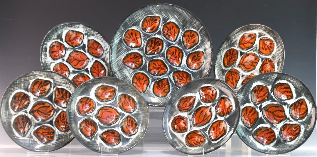Oyster service in glazed earthenware comprising a dish and six plates.
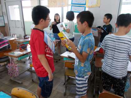 国語の物語文の学習「大造じいさんとガン」で「大造じいさんクイズ」を」作り,中心人物の行動や人柄を考えました。クイズを出し合って,答えを言うなど交流を楽しみました。
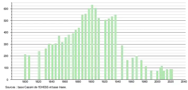 L'évolution du nombre d'habitants est connue à travers les recensements de la population effectués dans la commune depuis 1800. Pour les communes de moins de 10 000 habitants, une enquête de recensement portant sur toute la population est réalisée tous les cinq ans, les populations légales des années intermédiaires étant quant à elles estimées par interpolation ou extrapolation[7]. Pour la commune, le premier recensement exhaustif entrant dans le cadre du nouveau dispositif a été réalisé en 2004[8].

_Your goal_.
Copy all the lines of data exactly as they appear, dropping any images.

_The answer_.
Oyster service in glazed earthenware comprising a dish and six plates.
 国語の物語文の学習「大造じいさんとガン」で「大造じいさんクイズ」を」作り,中心人物の行動や人柄を考えました。クイズを出し合って,答えを言うなど交流を楽しみました。
 L'évolution du nombre d'habitants est connue à travers les recensements de la population effectués dans la commune depuis 1800. Pour les communes de moins de 10 000 habitants, une enquête de recensement portant sur toute la population est réalisée tous les cinq ans, les populations légales des années intermédiaires étant quant à elles estimées par interpolation ou extrapolation[7]. Pour la commune, le premier recensement exhaustif entrant dans le cadre du nouveau dispositif a été réalisé en 2004[8].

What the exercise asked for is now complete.